___ DATA TO USE

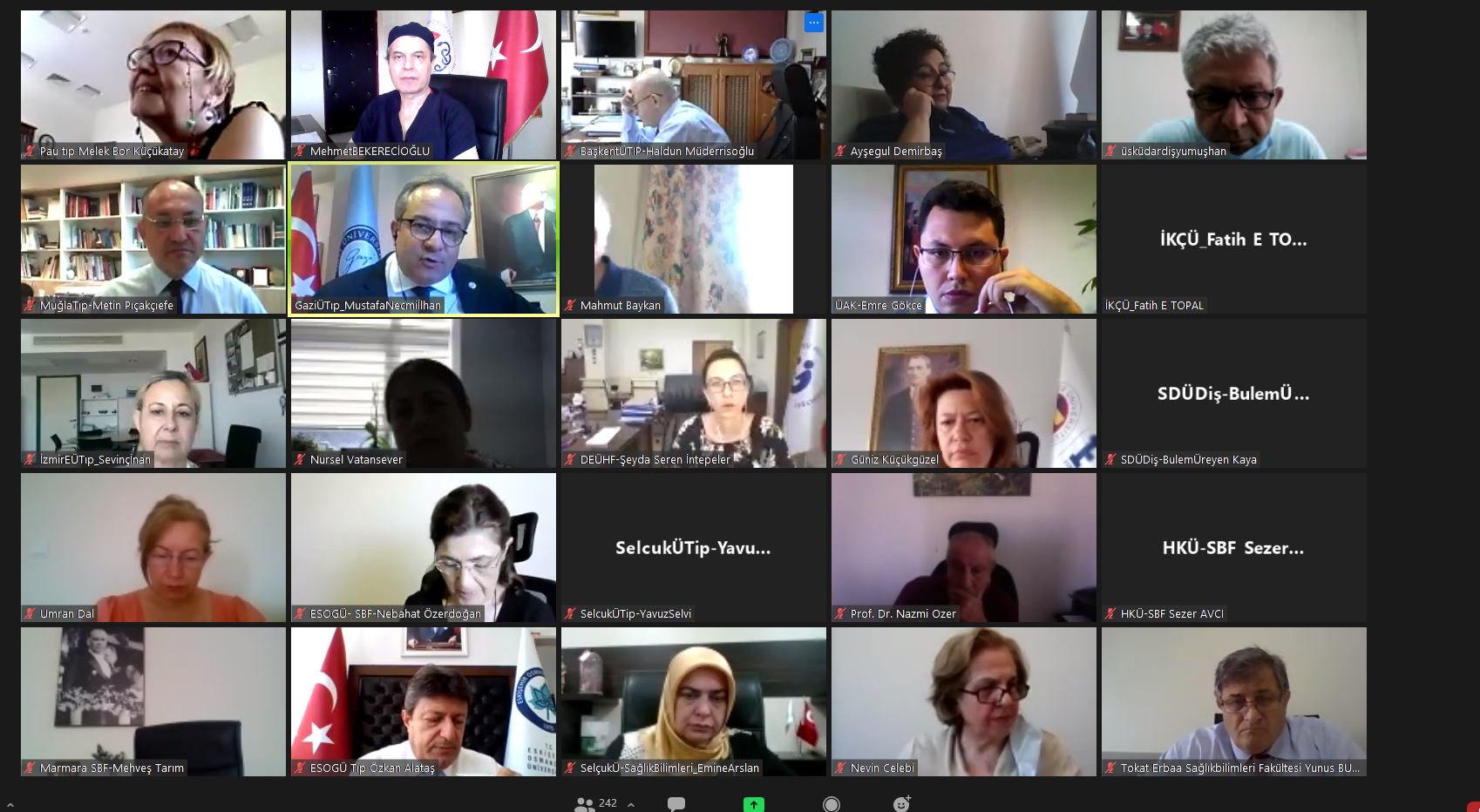 Üniversitelerarası Kurul Başkanlığı - Tıp Sağlık Bilimleri Eğitim Konseyi (ÜAK-TSEK) 2021/6 nolu toplantısı 23.08.2021 Pazartesi günü saat 10.30 da çevrimiçi olarak gerçekleştirdi. Üniversitelerin Tıp, Diş Hekimliği, Eczacılık, Sağlık Bilimleri, Hemşirelik, Fizyoterapi ve Rehabilitasyon, Veteriner Fakültesi Dekanlarının katılım sağladığı toplantıya Fakültemiz Dekanı Prof. Dr. Mehmet BEKERECİOĞLU katılım sağladı.
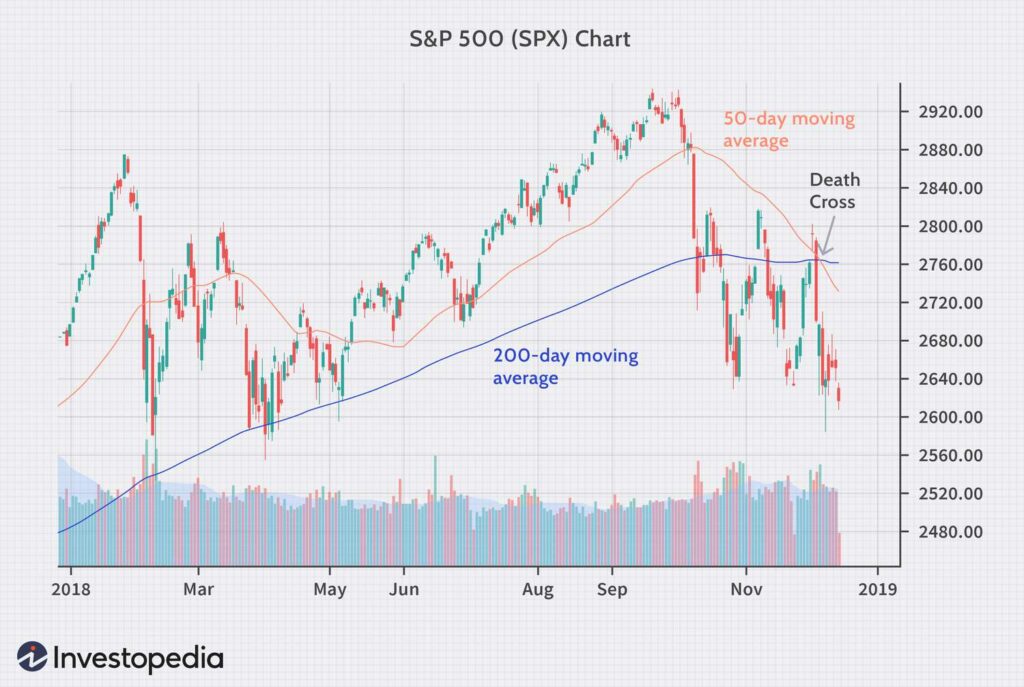 Death Cross på S&P 500 – MA50 (orange) korsar ner genom MA200 (blå).
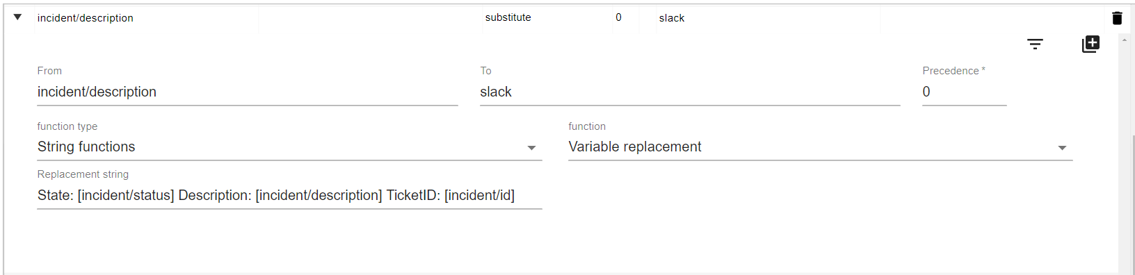 Image 1. Variable replacement mapping that joins multiple fields into a Slack message.
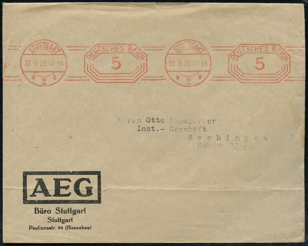 3480 | 15 € | 7000 Stuttgart Maschinen-Postfreistempel : STUTTGART/ *2*/ DEUTSCHES REICH 1928 (22.9.) Band-PFS "Achteck" 5 Pf. mit 2x 2 Linien auf Firmen-Bf.: ARG.. mit rs. Reklame: AEG Schmiedefeuergebläse (schwache Querfalte) n. Hechingen (Dü.C-4, Nr.154, nur in Württembg.) | ![]() ![]() | |
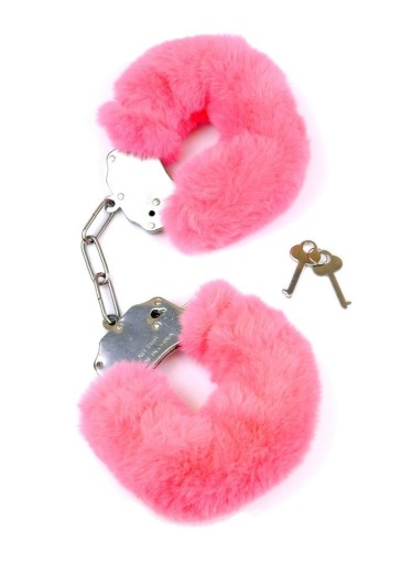 Metalowe kajdanki z futerkową osłonką o solidnym, regulowanym zapięciu.
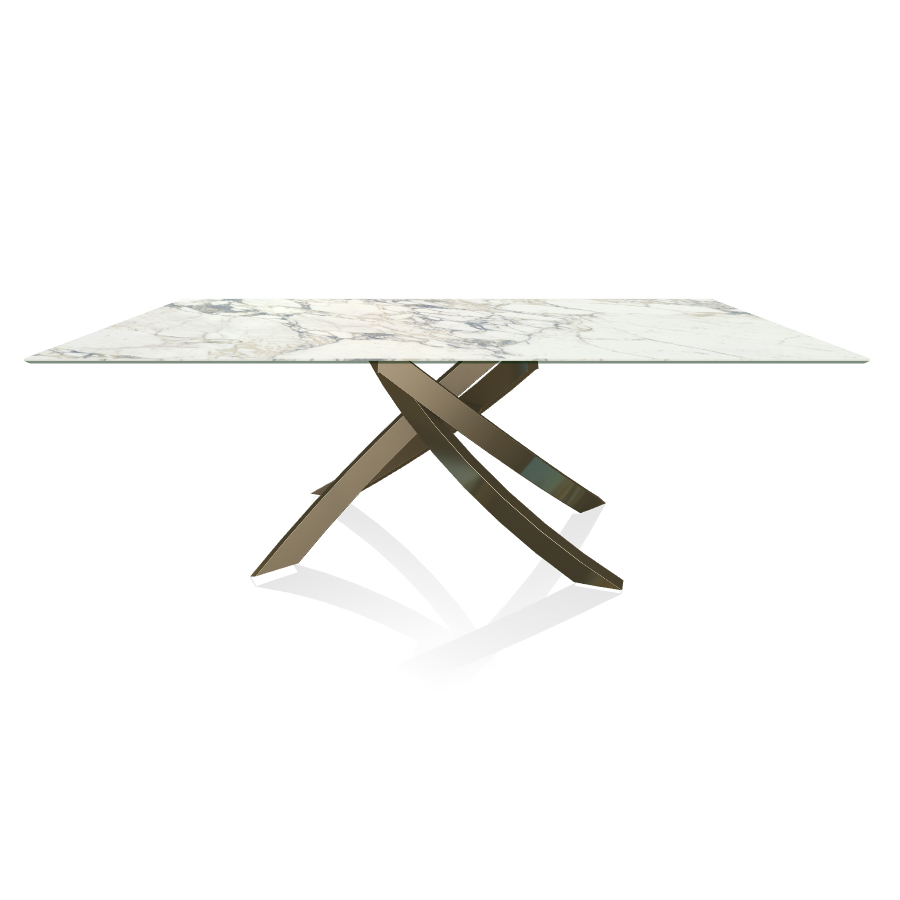 BONTEMPI table avec structure laiton vielli ARTISTICO 20.01 200x106 cm (Arabescato brillant - Plateau en SuperMarbre et structure en acier laqué laiton vielli)

______

== INSTRUCTIONS TO FOLLOW ==
Set down all of the entries exactly. Leave the pictures out.

== TASK SOLUTION ==
 Üniversitelerarası Kurul Başkanlığı - Tıp Sağlık Bilimleri Eğitim Konseyi (ÜAK-TSEK) 2021/6 nolu toplantısı 23.08.2021 Pazartesi günü saat 10.30 da çevrimiçi olarak gerçekleştirdi. Üniversitelerin Tıp, Diş Hekimliği, Eczacılık, Sağlık Bilimleri, Hemşirelik, Fizyoterapi ve Rehabilitasyon, Veteriner Fakültesi Dekanlarının katılım sağladığı toplantıya Fakültemiz Dekanı Prof. Dr. Mehmet BEKERECİOĞLU katılım sağladı.
 Death Cross på S&P 500 – MA50 (orange) korsar ner genom MA200 (blå).
 Image 1. Variable replacement mapping that joins multiple fields into a Slack message.
 3480 | 15 € | 7000 Stuttgart Maschinen-Postfreistempel : STUTTGART/ *2*/ DEUTSCHES REICH 1928 (22.9.) Band-PFS "Achteck" 5 Pf. mit 2x 2 Linien auf Firmen-Bf.: ARG.. mit rs. Reklame: AEG Schmiedefeuergebläse (schwache Querfalte) n. Hechingen (Dü.C-4, Nr.154, nur in Württembg.) | ![]() ![]() | |
 Metalowe kajdanki z futerkową osłonką o solidnym, regulowanym zapięciu.
 BONTEMPI table avec structure laiton vielli ARTISTICO 20.01 200x106 cm (Arabescato brillant - Plateau en SuperMarbre et structure en acier laqué laiton vielli)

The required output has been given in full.